Current Chair of the Committee is highlighted, with the position being currently held by Þórdís Kolbrún R. Gylfadóttir from Iceland from November 2022 until May 2022.

On 25th February, following the Russian invasion of Ukraine, Russia’s rights of representation were suspended, but it remained a member of the Council of Europe and party to the relevant Council of Europe conventions, including the European Convention on Human Rights.

Meetings of the Committee of Ministers
The Committee meets at ministerial level once a year, in May or in November. The meetings, known as "sessions", are normally held in Strasbourg and usually last one full day or two half days. While the greater part of each session is usually devoted to political dialogue, the Ministers may discuss all matters of mutual interest with the exception of national defence. Although the records of the sessions are confidential, a final communiqué is issued at the end of each meeting. The Ministers may also issue one or more declarations.

"Meetings of the Ministers' Deputies" are usually held in the Committee of Ministers' meeting room once a week. The Deputies also meet several times a week in subsidiary groups.

The role of the Committee of Ministers
The Committee of Ministers performs a triple role; as the emanation of the governments which enables them to express on equal terms their national approaches to the problems confronting Europe's societies; as the collective forum where European responses to these challenges are worked out, alongside the Parliamentary Assembly of the Council of Europe and as guardian of the values for which the Council of Europe exists.

The work and activities of the Committee of Ministers include political dialogue, developing public international law through Council of Europe conventions, interacting with the Parliamentary Assembly of the Council of Europe, interacting with the Congress of Local and Regional Authorities of the Council of Europe.

Admitting new member States
The Committee of Ministers has the authority to invite European States to become members of the Council of Europe (Articles 4, 5 and 6 of the Statute). It may also suspend or terminate membership.

The process of admission begins when the Committee of Ministers, having received an official application for membership, consults the Parliamentary Assembly of the Council of Europe (under Statutory Resolution (51) 30). The Assembly adopts an opinion which is published in the Assembly's texts adopted.

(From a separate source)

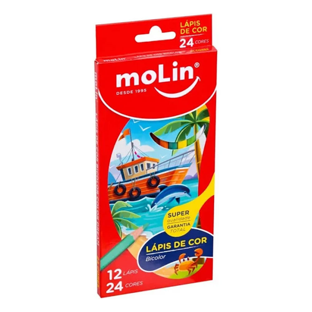 Lápis de Cor Bicolor Dream 12 Lápis 24 Cores Molin
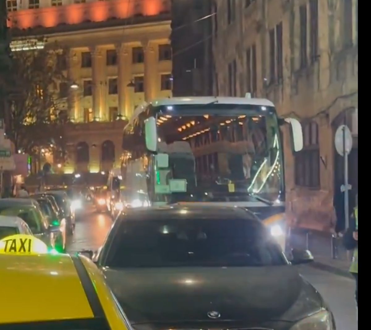 : Un BMW pe avarii a blocat autocarul lui Manchester United în Capitală / Sursă foto: Twitter

If the Committee decides that a state can be admitted, it adopts a resolution inviting that state to become a member. The invitation specifies the number of seats that the state will have in the Assembly as well as its contribution to the budget. Recently the invitations have included a number of conditions concerning the implementation of democratic reforms in the applicant state.

Once invited, a state becomes a member by depositing, normally by the Minister for Foreign Affairs, an instrument of accession with the Secretary General of the Council of Europe.

The only European states which are not members of the Council of Europe and thus could in principle be admitted are Belarus, Kazakhstan and the Vatican as well as Kosovo pending clarification of its international legal status. Once the European Union has attained full legal personality, it could also accede to the Council of Europe. So far, the European Community has only signed Council of Europe treaties.

Monitoring respect of commitments by member states

Concluding Conventions and agreements
Article 15.a of the Statute states that the Committee of Ministers of the Council of Europe "shall consider the action required to further the aim of the Council of Europe, including the conclusion of conventions and agreements".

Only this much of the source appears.